What to do: Every record below should be printed again exactly, with its pictures removed.

■ ■ ■ ■

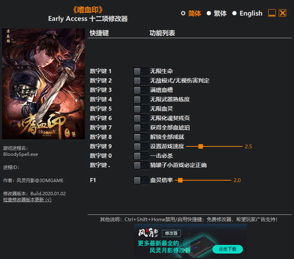 嗜血印修改器最新版是专门用来辅助同名游戏的软件工具,这款软件有着极其强大的功能。我们都知道嗜血印修这款游戏是非常好玩的游戏,但是它也是比较硬核的一款游戏,为了让更多的小伙伴们可以快速上手它,小编今天特意带来了这款工具软件。使用这款软件可以修改游戏的数据,游戏系统,可以让玩家享受无限的生命体力,无限的游戏资源,无限的生命技能,而有了这些玩家就可以无限制的玩耍这款游戏了。
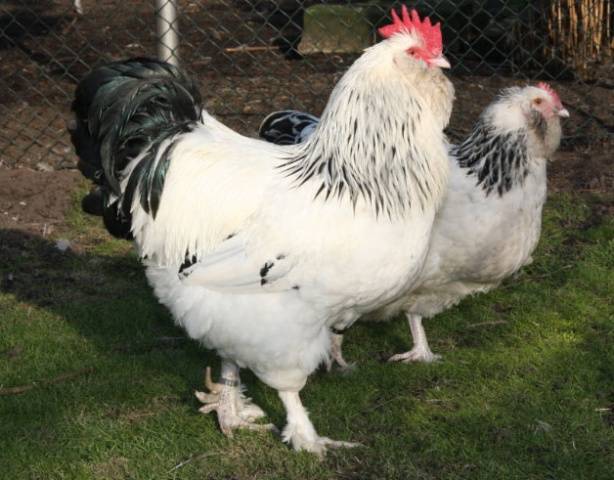 Amint a fotón látható, a fehér szín tiszta fehér, végül is nem az. A csirkék sörényében a tollak fekete szegéllyel és fehér tengellyel, a farokban a tollak tiszta fekete színűek.
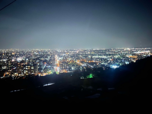 こちらは山頂に向かって進むロープウェイからの夜景です。
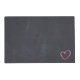 Wedding placemats with a romantic illustration of a bunch of little pink hearts with gold glitter forming a heart-shaped frame. Inside it says "Happily Ever After" in a trendy handwritten style font. Set on a black chalkboard background. Personalize with the bride and groom's names and wedding date.
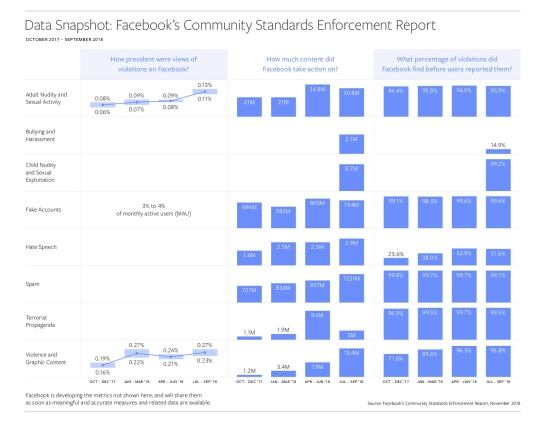 Durante los últimos dos años Facebook se ha visto sumergido en una serie de escándalos debido al manejo de material inapropiado que se difunde en la plataforma, como publicaciones sensibles y noticias falsas. Según datos de la compañía en los últimos dos trimestres se han eliminado más de 1.500 millones de cuentas falsas.
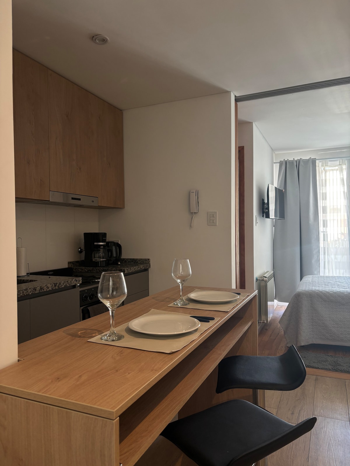 Alojamiento tranquilo y luminoso con diseño moderno, a pasos de Boulevard, Universidad, shopping, bares y peatonal. Cocina equipada, sommier queen size, placard, aire frío/calor, ropa blanca, living comedor TV, sofá, Wi-Fi de alta velocidad. Baño completo con ducha de optima presión. Balcón con vista verde al corazón de manzana. Edificio con moderno ascensor, SUM y loundry con lavarropas automático y tender.
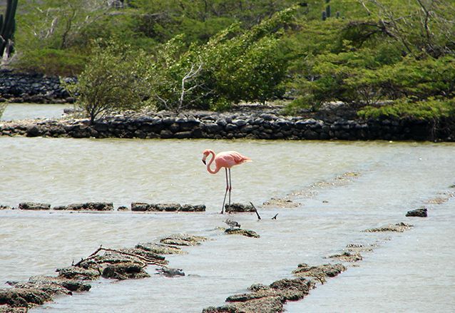 Na een lekker koel drankje reden we terug richting Willemstad. We kwamen nog langs de Santa Martabaai en gingen toen verder naar de zoutpannen bij Jan Kok, waar een flamingokolonie zit.

■ ■ ■ ■

Result for this task:
 嗜血印修改器最新版是专门用来辅助同名游戏的软件工具,这款软件有着极其强大的功能。我们都知道嗜血印修这款游戏是非常好玩的游戏,但是它也是比较硬核的一款游戏,为了让更多的小伙伴们可以快速上手它,小编今天特意带来了这款工具软件。使用这款软件可以修改游戏的数据,游戏系统,可以让玩家享受无限的生命体力,无限的游戏资源,无限的生命技能,而有了这些玩家就可以无限制的玩耍这款游戏了。
 Amint a fotón látható, a fehér szín tiszta fehér, végül is nem az. A csirkék sörényében a tollak fekete szegéllyel és fehér tengellyel, a farokban a tollak tiszta fekete színűek.
 こちらは山頂に向かって進むロープウェイからの夜景です。
 Wedding placemats with a romantic illustration of a bunch of little pink hearts with gold glitter forming a heart-shaped frame. Inside it says "Happily Ever After" in a trendy handwritten style font. Set on a black chalkboard background. Personalize with the bride and groom's names and wedding date.
 Durante los últimos dos años Facebook se ha visto sumergido en una serie de escándalos debido al manejo de material inapropiado que se difunde en la plataforma, como publicaciones sensibles y noticias falsas. Según datos de la compañía en los últimos dos trimestres se han eliminado más de 1.500 millones de cuentas falsas.
 Alojamiento tranquilo y luminoso con diseño moderno, a pasos de Boulevard, Universidad, shopping, bares y peatonal. Cocina equipada, sommier queen size, placard, aire frío/calor, ropa blanca, living comedor TV, sofá, Wi-Fi de alta velocidad. Baño completo con ducha de optima presión. Balcón con vista verde al corazón de manzana. Edificio con moderno ascensor, SUM y loundry con lavarropas automático y tender.
 Na een lekker koel drankje reden we terug richting Willemstad. We kwamen nog langs de Santa Martabaai en gingen toen verder naar de zoutpannen bij Jan Kok, waar een flamingokolonie zit.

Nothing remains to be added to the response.